Courtesy of Pam Martens
Following a lack of liquidity on Wall Street, which necessitated the Federal Reserve having to provide $53 billion on Tuesday and another $75 billion on Wednesday to normalize overnight lending in the repo market, the Chairman of the Fed, Jerome (Jay) Powell held his press conference at 2:30 p.m. yesterday. The press gathering followed both a one-quarter point cut in the Fed Funds rate by the Fed yesterday as well as the first intervention by the Fed in the overnight lending market since the financial crash. (The Fed had to intervene again this morning, making another $75 billion in repo loans available.)
The week’s unsettling events should have provided the basis for reporters to fire questions at the Fed Chair along the following lines: (1) Did the overnight repo lending rate jump to an historical high of 10 percent on Tuesday because some of the largest Wall Street banks backed away from lending? (2) With six mega banks on Wall Street holding 90 percent of the risky $272 trillion U.S. derivatives market and also a disproportionate share of Federally-insured deposits, could the U.S. see another 2008 type of crash on Wall Street? (3) Are these six banks too interconnected with each other, meaning that if one of them gets into trouble as Citigroup did in 2008, could it spill over to every other mega Wall Street bank?
While every major business news outlet was represented at the press conference, not one of the above questions was asked. One reporter, however, came close.
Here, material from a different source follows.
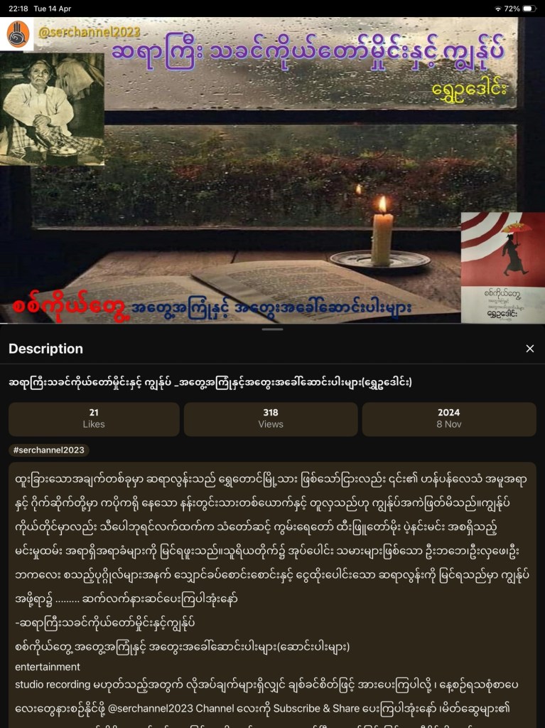 studio recording မဟုတ်သည့်အတွက် လိုအပ်ချက်များရှိလျှင် ချစ်ခင်စိတ်ဖြင့် အားပေးကြပါလို့ ၊ နေ့စဉ်ရသစုံစာပေလေးတွေနားစဉ်နိုင်ဖို့ @serchannel2023 Channel လေးကို Subscribe & Share ပေးကြပါအုံးနော် ၊မိတ်ဆွေများ၏ အားပေးမှုများသည် မိမိအတွက် ခွန်အားဖြစ်စေပါသည်။VPN လေးဖွင့်ပြီး နားစဉ်ခြင်းဖြင့် ကူညီနိုင်ပါသည်။အားပေးကြတဲ့ တစ်ဦးတစ်ယောက်ချင်းစီတိုင်းကို ကျေးဇူးတင်ရှိပါသည်။မူရင်းစာအုပ်အား ဖတ်ရှုပေးပါခင်ဗျာ။
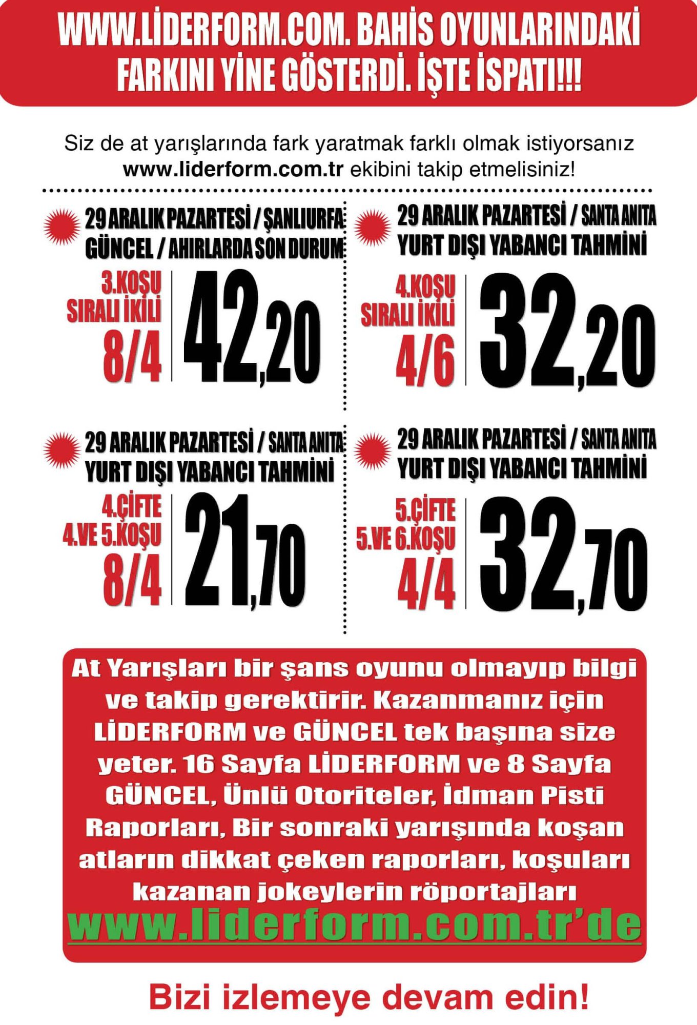 HürkontSanta Anıta Park'ta sürpriz biten son 3 koşuda çifte bahis oyunlarında kazandırmaya devam ettik. Yerli ve Yabancı koşularda 1 numarayız

Hannah Lang, a reporter with American Banker, asked Powell about reports out yesterday that Bank of America was being investigated by the Consumer Financial Protection Bureau for opening unauthorized accounts. She asked if the Fed was also investigating this and said that given the pending order against Wells Fargo for the same kind of behavior, if Powell was concerned that these banks are too big to manage.